マイノリティデザイン-読書感想文
さらっと読むつもりが一日で読破してしまい、いろいろ思い出したので忘れないうちに書いておく。
隻腕の祖父
私本人は多少の体質はあれど基本健康体で、世間が思い描くようなマイノリティではないのだけど、この本に当てはめると祖父がマイノリティで、右手の二の腕の先がない隻腕だった。
どうしてそんなことになったのかは深く聞いたことはなく、病気で切断せざるを得なくなったという事しか知らず、そもそも私が生まれたときからずっと腕がないので私にとっては当たり前で気にしたこともなかった。
祖父と特別仲が良いわけではなく、どちらかというと説教臭いので苦手だったけど嫌いではない。自動車整備場を経営しているので職人気質で面倒くさい親方なのだ。
もちろん自分の車は隻腕仕様に改造済みだし、仕事のリーダーはとっくに退いてるし、社長が使えなくても仕事は回るのである。
私はデザイナーだしゲームが好きだし絵を描くのが好きなので、もし失うのであれば手より足のほうが百倍マシだなと思うし、切らねばなるまいと悟った時の絶望は容易に想像できる。
しかし、祖父が義手をつけている姿は見たことがなく(あるにはあるらしい)、漠然と義足は歩けるようになる体の延長線なのに、義足ってつかむこともできないマネキンなんだなという、不公平感は感じたことがある。
祖父は自分の隻腕をマイノリティデザインが言うような弱みとは全く感じていないし、面倒くさがりなのでもし筋電義手があっても使わないだろう。祖父の強さは一種の諦めでもあった。
思い出しただけなので、特にオチはない。
隻腕のための何かを思いついてももう祖父はいないし。
自分もマイノリティ
この本では運動が苦手だとか掃除が苦手だとか、そういう弱点を抱える人もマイノリティなのだと言っていた。著者は運動が苦手でも運動を楽しむために、ゆるスポーツという新たな世界を作り出していた。
これに当てはめると私も立派なマイノリティ。そして同じ仲間に会ったことはない。
私は大人になった今でもめちゃくちゃトイレが恐ろしい。
潔癖症ではないけれど、無機質な陶器に溜まっている水が怖い。流れる音の水が怖い。流れる渦が怖い。詰まった時にあふれてくる水が怖い。センサーで勝手に流れるのもフタが開くのも怖い。なので、出先のトイレは滅多に使えない。見知らぬ土地に泊まる旅行もしない。
健康診断で生理で尿検査を出さなかったとき、終わりかけなら大丈夫ですよ病院のトイレで提出できますよと言われたけど、それもトイレが怖かったので断った。もう一回病院に行く労力のほうが安かった。

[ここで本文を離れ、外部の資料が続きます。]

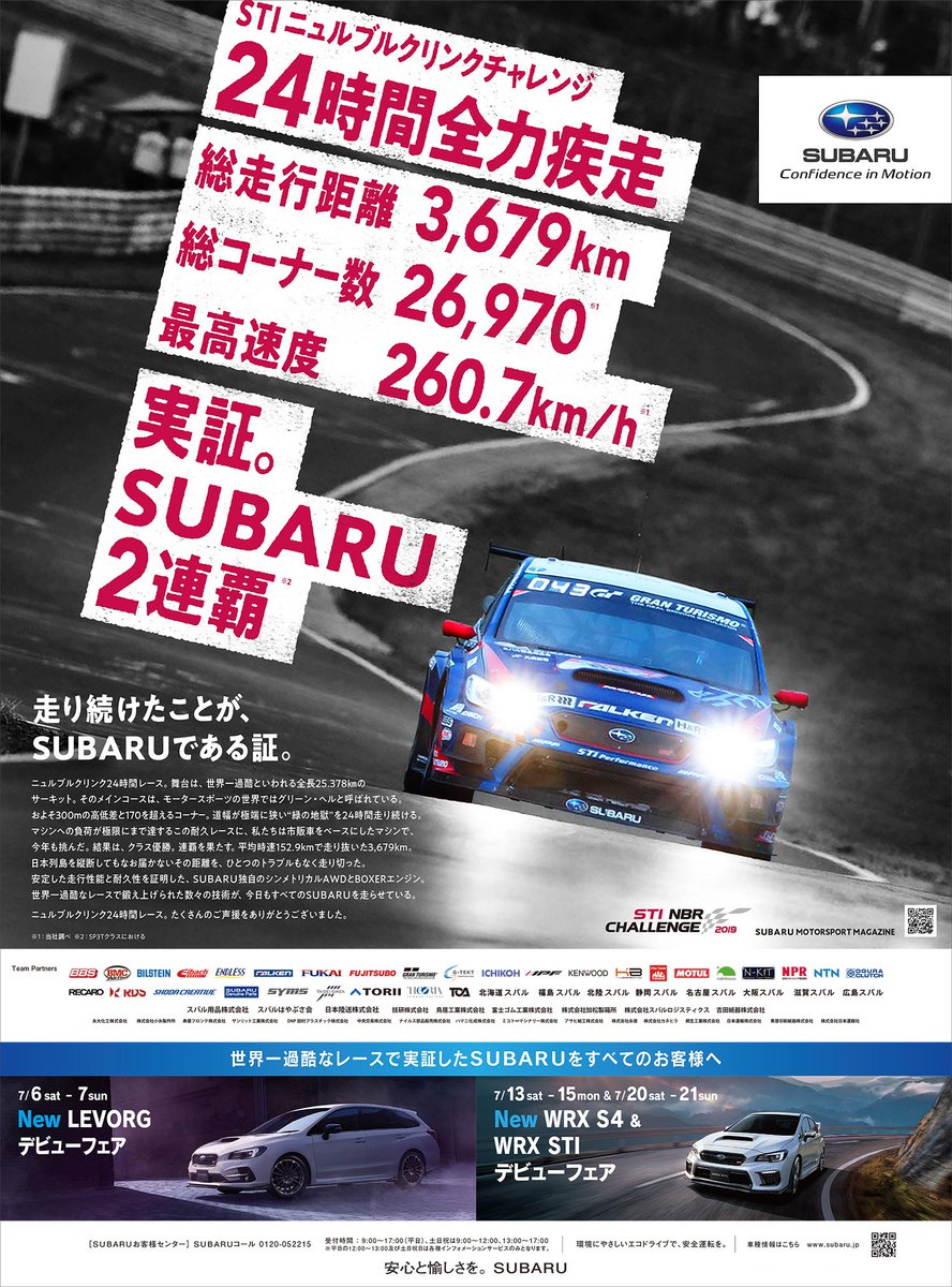 今朝の朝刊各紙に、先日の“ニュルブルクリンクチャレンジ SUBARU2連覇”の新聞広告を掲載しました。この世界一過酷なレースで鍛え上げられた数々の技術が、今日もすべてのSUBARUを走らせています。皆さま、たくさんのご声援をありがとうございました。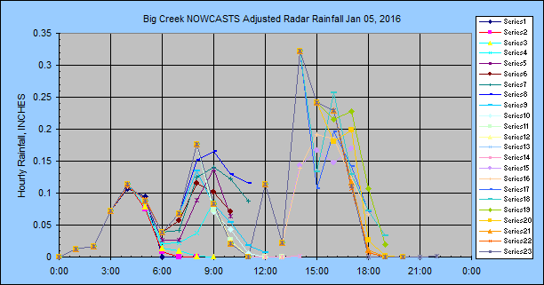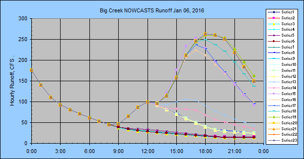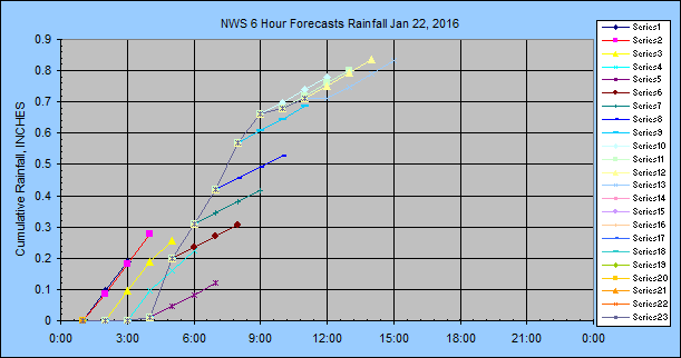 the NWS 6-hour forecast with a distribution, my adjustments for hours 1, 2 and 3

安心して使えるのは自分のアパートのトイレ、元職場のトイレ、実家のトイレ、祖父母宅トイレ、母校のトイレ。本当に数えるくらいしかない。
和式全然怖くないのでありがたい存在。
トイレ会社の人が善意でつけた便利な機能がすべて恐ろしくて仕方ない。本当に申し訳ないけどマジで困る。少数者のためのものは多数者にも便利なものである、というのはよくわかる。きっと自動で流れるのも衛生とか、少数者のためなんだろう。しかし私はその少数者のためのものだったであろう機能が恐ろしいさらに少数者。
このまま整備が進んですべてのトイレが最新型のなにもかも自動のトイレになったらますます居場所がない。頼む、進化、とまれ…!
下手すると、マイノリティの人より仲間がいなさそうな私のトイレ怖い問題。トイレが怖くて遠出しない弱点って、強みになったり生かしたりできるだろうか?そもそも仲間っているんだろうか?私が望むのは機能の退化なので、メーカーの人もいい顔はしないだろう。社会人歴数年のペーペーの私にはまだアイデアは出ない。